= AN/ARC-182 =

US military aircraft VHF/UHF radio transceiver

The AN/ARC-182 is a family of military aircraft radio transceivers designed for two-way, multi-mode voice communications over a 30 to 400 MHz frequency range. It covers both Ultra High Frequency (UHF) and Very High Frequency (VHF) bands with AM, FM, as appropriate. The ARC-182 radio supports the HAVE QUICK II anti-jam waveforms, with an optional control unit. It features a guard channel capability for monitoring 40.5, 121.5, 156.8 and 243 MHz. Transmitter minimum power is 10 watts, AM, and 15 watts, FM. The RT-1250A model radio can communicate with other avionics over a MIL-STD-1553 data bus.

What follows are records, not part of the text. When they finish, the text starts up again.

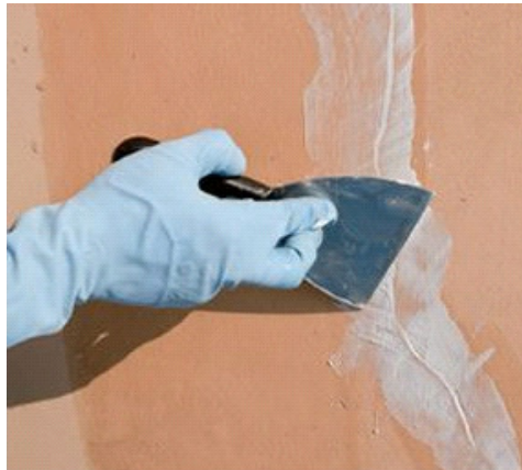
Figura 1 – Emassamento de trinca com massa corrida.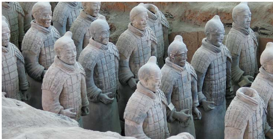
Mausolée de l'empereur Qing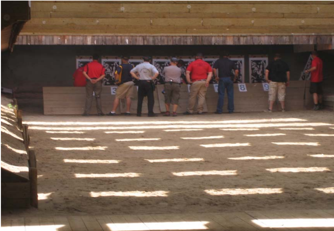
ein super Stand in Philippsburg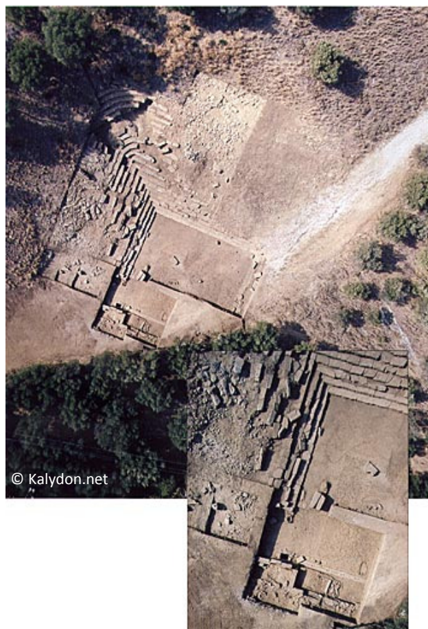
Fig. 3: Luftfoto af teatret.

Vi skulle også overfladetegne vores grøfter og profiltegne to balke. Dagbogskrivningen var en meget vigtig opgave for os som "trenchmasters". Vi skulle skrive i den hver dag, hvor alt fra fund til fortolkninger, og hvad der ellers skete på dagen på udgravningen skulle nedskrives. Vi havde ikke kun ansvaret for vores udgravningsgrøfter og arbejderne, men også dagbogen som skulle hjælpe vores udgravningledere i de næste udgravningsprojekter.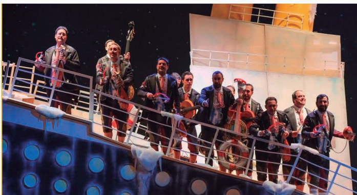
Chirigota del Bizcocho.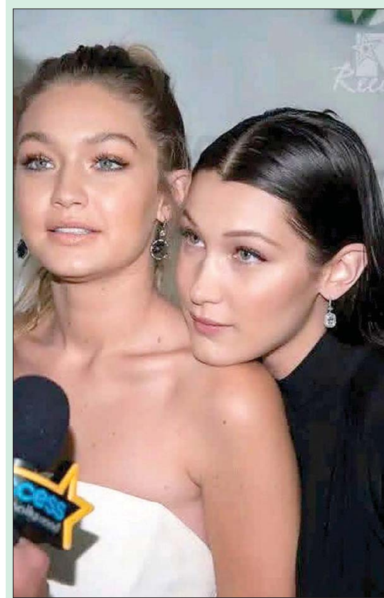
المجدد والتقدير لهذا الصحفي الذي استطاع الصمود أمام هذه النظرات.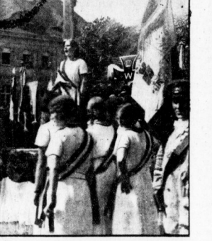
Die neue Fahne des hallischen Vereins wird geweiht.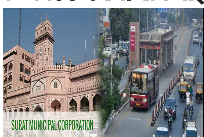
માસ્ટર પ્લાન બનાવ્યા બાદ ૨૦૨૦માં સુરતનું ફરીથી મોટું હદ વિસ્તરણ થયું અને તેમાં મોટો વિસ્તાર અને વસ્તીનો સમાવેશ સુરત પાલિકામાં થયો છે.

સુરત મહાનગરપાલિકાએ પરિવહનની સરળતા અને તેને સંલગ્ન ઈન્ફ્રાસ્ટ્રક્ચર રેવલપમેન્ટ અને કેન્દ્રમાં રાખીને ૨૦૦૬માં પ્રથમ વખત કોમ્પ્રિહેન્સિવ પ્લાન બનાવ્યો હતો. ત્યારબાદ ૨૦૧૬ માં ફરીથી કોમ્પ્રિહેન્સિવ પ્લાન અપડેટ કર્યો હતો. જોકે, ત્યારબાદ પાલિકાનું હદ વિસ્તરણ બાદ શહેરની વસ્તી અને વિસ્તારમાં વધારો થતાં માત્ર આઠ જ વર્ષના ગાળામાં કોમ્પ્રિહેન્સિવ મોબિલિટી પ્લાનમાં સુધારો કરવા માટે આયોજન થઈ રહ્યું છે. જેના ભાગરૂપે ઓગસ્ટથી ઓક્ટોબર માસ સુધીનો સર્વે કરવામાં આવશે અને ત્યારબાદ પ્લાન અપડેટ કરાશે. સુરત મહાનગરપાલિકાના હદ વિસ્તારમાં છેલ્લા એક દાયકામાં વસ્તી, વાહનોની સંખ્યામાં ધરમધ વધારો થવાની સાથે જ કોમ્પ્રિહેન્સિવ મોબિલિટી પ્લાન ૨૦૧૬ બાદ ફરીથી સુધારો કરવાની જરૂરિયાત ઊભી થઈ છે. સુરત મહાનગરપાલિકાના ૨૦૨૪-૨૫ના બજેટમાં સુરતમાં પરિવહન, વસ્તી, ટ્રાફિકની પ્રવર્તમાન સ્થિતિને જોતાં કોમ્પ્રિહેન્સિવ મોબિલિટી પ્લાનને અપડેટ કરવા રૂ. ૧.૩૦ કરોડની જોગવાઈ કરી હતી. સુરત પાલિકા વિસ્તારમાં પાલિકાએ સામુહિક પરિવહન સેવાના ભાગરૂપે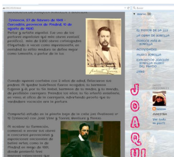
Figura 4.2: Hipervínculo del punto interactivo n.º 1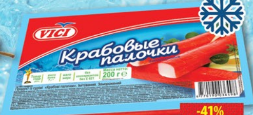
КРАБОВЫЕ ПАЛОЧКИ VICI 200г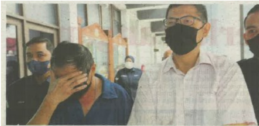
TERTUDUH dibawa ke Mahkamah Sesyen Ipoh, semalam.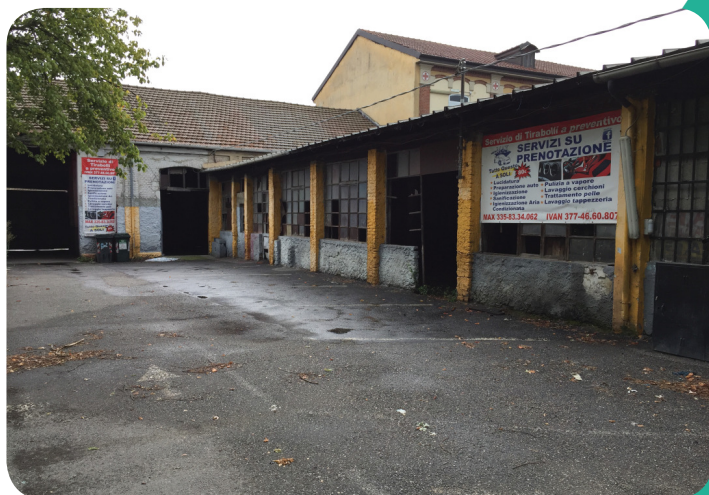
CORTILE INTERNO E MANICA N. CIVICO 175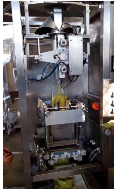
Puesta en marcha con producto.

In accordance with the Joint Electronics Type Designation System (JETDS), the "AN/ARC-182" designation represents the 182nd design of an Army-Navy airborne electronic device for radio communications equipment. The JETDS system also now is used to name all Department of Defense electronic systems.

==Development==
Developed in the late 1970s, the ARC-182s were manufactured by Rockwell Collins and are installed in a range of U.S. Navy, Marines and Coast Guard aircraft. Its frequency range includes the following bands:
- VHF 30-88 MHz FM close air support
- VHF 108-118 MHz AM navigation, receive only
- VHF 118-156 MHz AM air traffic control
- VHF 156-174 MHz FM maritime
- UHF 225-400 MHz AM/FM military/NATO

A single ARC-182 radio allowed pilots to communicate with ground forces for close air support, civilian air traffic control and military UHF-AM users, a unique capability at the time. The ARC-182 (V) version added the ability to communicate with commercial shipping and UHF-FM systems. The -182(V) version added VHF-FM maritime and UHF-FM capabilities. The radio's utility has attracted international attention; the set is being used in 35 countries.

Channel spacing is 25 kHz in all bands.

The transceiver weights about 10 lb (4.54 kg). Available accessories include remote controls, transmit power amplifiers, antennas, and ground support equipment. It has been largely replaced by the AN/ARC-210 series in U.S. systems. The ARC-210 is an improved version of the ARC-182, adding jam-reisistant SINCGARS capability to communicate with Army radios for close air support.

The ARC-182 was used in over 40 different U.S. fixed wing and rotary aircraft, as well as in ground, transportable and mobile applications, and was in service in 42 countries. Starting in 1994, the ARC-182, along with the UHF-only ARC-187, was used to upgrade the U.S. Navy's fleet of Lockheed P-3 Orions to add satellite and HaveQuick capabilities and to meet newer civilian air traffic control requirements.